Tool-schema change detection. --format {terminal,markdown,json}. --fail-on {breaking,risky,additive,neutral,none}.

shadow report <report.json>

Re-render a saved JSON report. --format {terminal,markdown,github-pr}.

shadow import <source> --format <fmt>

Import foreign traces to .agentlog. Supported formats (v1.2):

  • langfuse, Langfuse traces export
  • braintrust, Braintrust experiment row export (JSONL or array)
  • langsmith, LangSmith runs export (top-level array)
  • openai-evals, OpenAI Evals JSONL
  • otel, OpenTelemetry OTLP/JSON with GenAI semconv attributes
  • mcp, Model Context Protocol session log (JSONL, JSON array, or wrapped {messages: [...]})
  • vercel-ai (new in v1.2), Vercel AI SDK telemetry export (OTLP-style {spans: [...]} or dashboard-style {events: [...]})
  • pydantic-ai (new in v1.2), PydanticAI all_messages_json() output or Logfire span export

shadow export <trace>

Export to otel (OTLP/JSON) for OpenTelemetry collectors.

shadow join <logs...>

Merge multiple .agentlog files into one logical trace via meta.trace_id.

shadow mine <traces...>

Cluster a corpus of production traces by tool sequence, stop reason, response length, and latency, then surface representative cases as a regression suite. Output is a list of (trace_id, cluster_id, why) triples that you can commit alongside the agent as your golden test set.

shadow mcp-serve

Run Shadow as a Model Context Protocol server over stdio. Any MCP-aware agentic CLI (Claude Code, Cursor, Zed, Claude Desktop, Windsurf) can invoke Shadow as a tool. Tools exposed:

  • shadow_diff
  • shadow_check_policy
  • shadow_token_diff
  • shadow_schema_watch
  • shadow_summarise
  • shadow_certify (v1.7.2+)
  • shadow_verify_cert (v1.7.2+)

Install the extra first: pip install 'shadow-diff[mcp]'. See MCP importer for the reverse direction (importing MCP traces into Shadow).

shadow certify <trace>

Generate an Agent Behavior Certificate (ABOM) for a release. The certificate is a content-addressed JSON release artefact capturing the trace's content-id, all distinct models, content-ids of system prompts, content-ids of tool schemas, optional policy hash, and an optional baseline-vs-candidate nine-axis regression-suite rollup.

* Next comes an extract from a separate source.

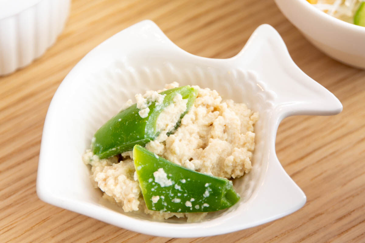 2品目はスナップエンドウの白和え。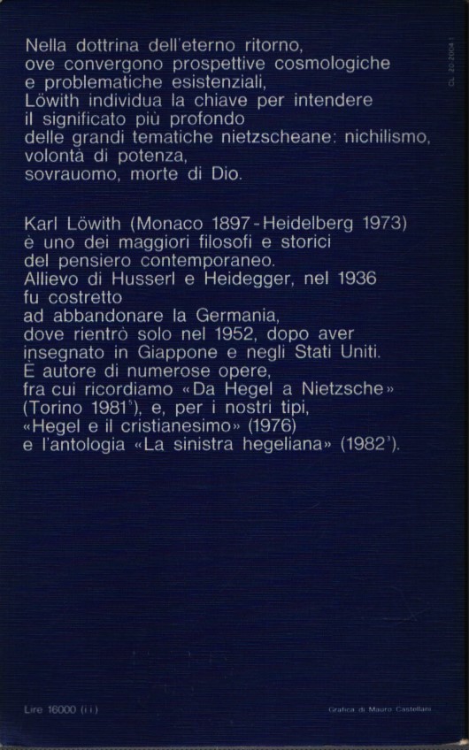 Nella dottrina dell’eterno ritorno, ove convergono prospettive cosmologiche e problematiche esistenziali, Löwith individua la chiave per intendere il significato più profondo delle grandi tematiche nietzscheane: nichilismo, volontà di potenza, sovrauomo, morte di Dio.

Required: --agent-id <id> and --output <path>. Optional: --policy <file> (records its hash), --baseline <trace> (folds in a regression-suite rollup), --pricing <file> (for the regression-suite cost axis), --seed <int>.

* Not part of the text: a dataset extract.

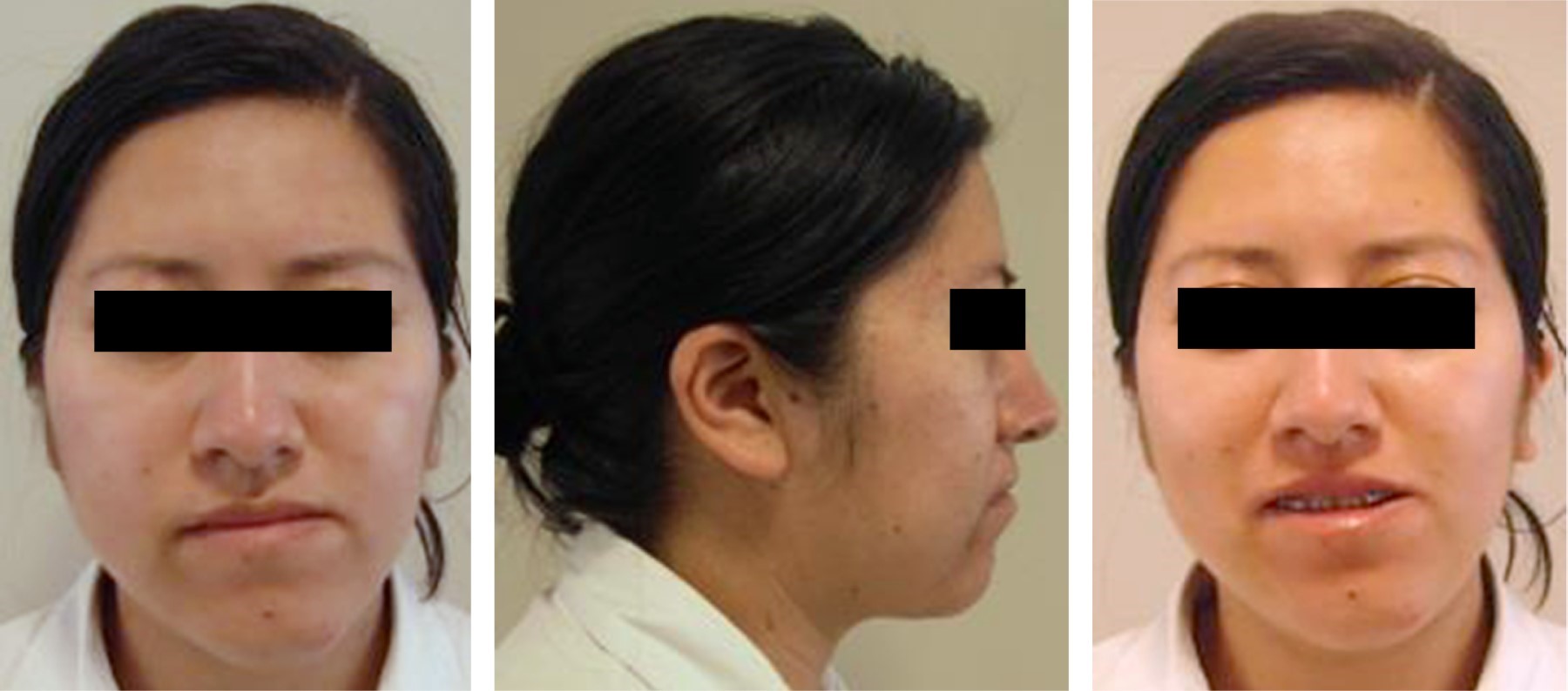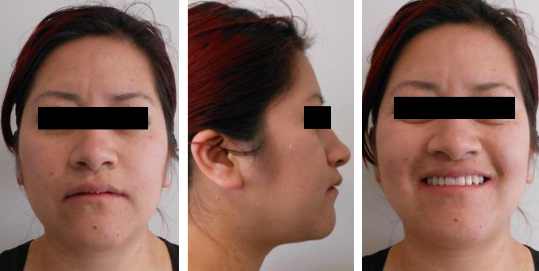 Profile analysis: patient presented a slightly convex profile, gibbous nose, inferior prokelia, obtuse nasolabial angle (open) (Figure 1).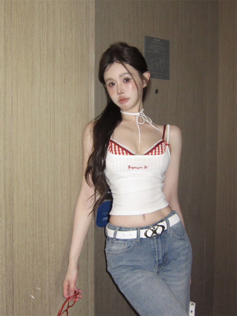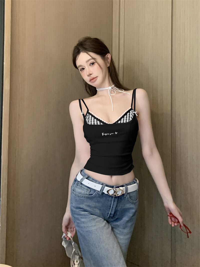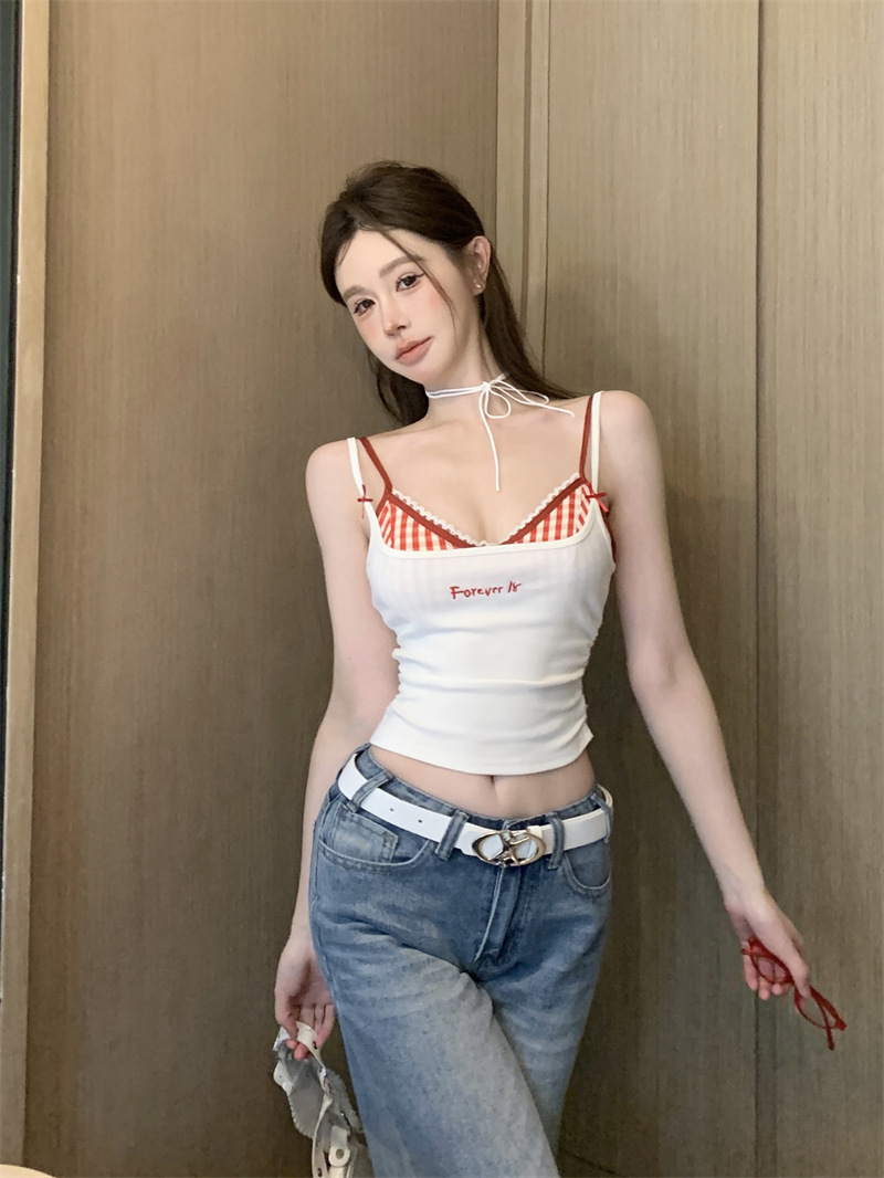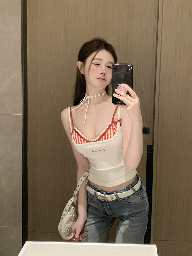 미국식 핫 체크 무늬 가짜 투피스 카미 솔 조끼 여성 아우터웨어 여름 태국 스타일의 스위트 스파이스 걸 튜브 탑 가슴

The certificate is self-verifying via shadow verify-cert. See Release certificate.

shadow verify-cert <cert>

Verify a certificate's content-addressed cert_id matches the body. Exits 0 when consistent, 1 on tamper, malformed payload, or unsupported cert_version. Designed to run as a release-pipeline gate.

shadow serve

Start the live diff dashboard (requires the serve extra: pip install 'shadow-diff[serve]').

shadow version

Prints the installed Shadow version + .agentlog spec version.